Каменные стены то подбегали вплотную, окружали, стискивали со всех сторон, то вдруг отлетали куда-то прочь, в неведомую глубь и высь. Как будто сама Гора стремилась погасить этот Дышащий Свет, а затем раздавить, расплющить земных червей, осмелившихся проникнуть в ее нутро. Так оно было или не так, но Аймик понимал, чувствовал: ни того, ни другого Гора сделать не может, несмотря на все ее Древнее Могущество.
Послышался шум потока. В подгорной тишине он казался особенно страшным.
– Что это?
– Река. Идем, идем!
Аймик вдруг почувствовал… (Или ему только показалось?) …как его что-то словно мягко толкнуло… (В спину? Изнутри?)
На миг все смешалось: тьма, и Дышащий Свет, и переливчатое мерцание струй, – и вот уже этот грозный подземный водопад рокочет во тьме за спиной. Осталась сырость от брызг на лице и одежде и ощущение свежести во всем теле.

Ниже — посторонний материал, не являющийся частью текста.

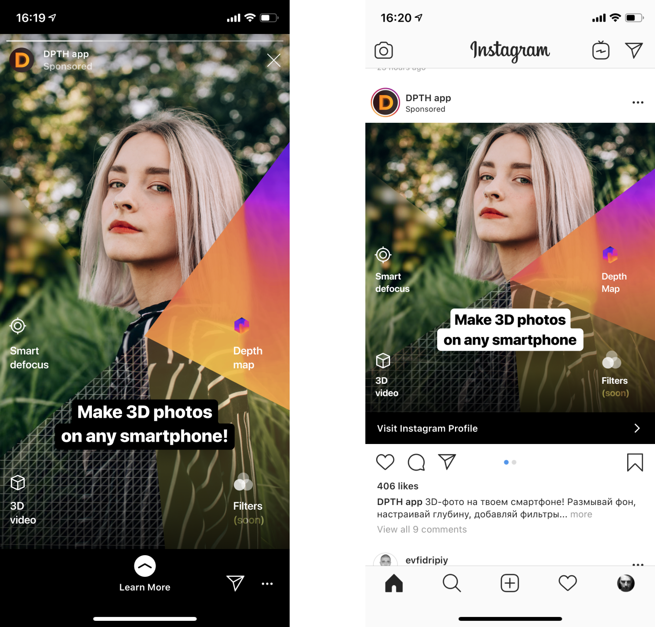The design allowed to create different variations of the ad in different languages to experiment with conversion:
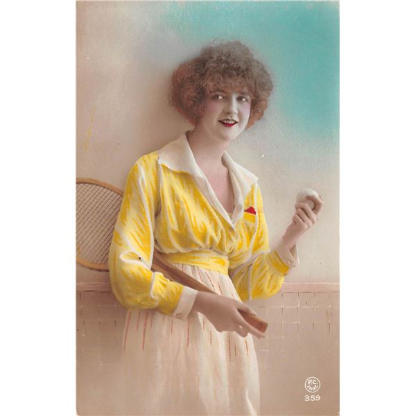 Group of 4 Tinted Photo Women & Tennis Racket Postcards81 - Group of 4 Tinted Photo Women & Tennis Racket Postcards

Гора сжалась до размеров узкой щели, уводящей куда-то вглубь, вниз… Да тут и младенец застрянет.
– Идем, идем!..
…Странные звуки. Как будто… Барабан? Отбойник о кременевый желвак, когда нужно пластину отколоть? Только громче.
– Что это, Инельга?
– Молоты. (Непонятное слово.)
– Это подгорный народ. Его труд. Им нет дела до нас, а нам – до них. Идем, идем! Бумм! Буммм! БУМММ!
– Это духи?
– Нет.
– Люди?
– Нет же, нет; это – подгорный народ. Они не люди, но нам их не надо бояться. У них иные тропы.
– А я и не боюсь. Я и Горных Духов не боялся.
Кажется, Инельга улыбнулась:
– Это хорошо… Идем, Отважный!
Они продолжали путь в неведомое, а молоты (что бы это ни было) все стучали и стучали, и такая нечеловеческая, непонятная, такая всесокрушающая мощь ощущалась в этих звуках, что Аймик невольно содрогался, несмотря на слова Инельги, невзирая на собственную похвальбу. Бумм! Буммм! БУМММ!
…Он перестал понимать: идут ли они по каменному полу, плывут ли над ним; раздвигаются ли перед ними стены, расширяются ли щели, слишком узкие даже для полевки, или прямо сквозь камень ведет его Инельга…
…И поплыли тени.
«Смотри же!»
* * *
Звери. Как в тех странных снах, как в повествовании Айриты, они выплывали откуда-то из стен, из темноты; живые, они словно танцевали в голубом сиянии, в переливчатом тумане, вдруг поднявшемся от пола, изумленно поглядывая то друг на друга, то на этих людей, вызвавших их… из небытия? Вот скачет жеребая кобыла, мамонт косит удивленный глаз. А вот появляется голова его Тотема: тигрольвица гибко и мягко выбирается из тумана… Завороженный ритмом их движений, Аймик догадался, что ритм этот не случаен… Ну конечно. Это же Инельга поет какую-то дивную песнь. Давно поет; но почему он понял это только сейчас?
И под это пение звери, то по одиночке, то сразу по нескольку, подплывали к каменным стенам, касались их поверхности и замирали, навсегда сохранив в своем застывшем движении один из звуков колдовской песни Инельги.
Вот лошади, одна за другой, проскакали из тумана прямо на скалу. Медведь выгнал стадо желтых, красных и черных оленей и сам застыл вместе с ними на камне, даже не попытавшись кому-то из них переломить хребет. И выплыло пять гигантских круторогих быков, и нависли они над лошадьми и оленями, направив друг на друга рога. Два против трех.
А вот целое стадо бизонов, самцов и самок, резвящихся, катающихся в тумане, словно в весенней траве, вдруг подплыло к потолку, нависшему чуть ли не над головой Айми-ка, и осталось на нем. Голос Инельги стал тоньше, завибрировал, – и к ним присоединились два кабана. И лани…
(«Как же так? Потолок – над моей головой, а те стены, где жеребая кобыла… они же гораздо выше. И эти, с быками…»)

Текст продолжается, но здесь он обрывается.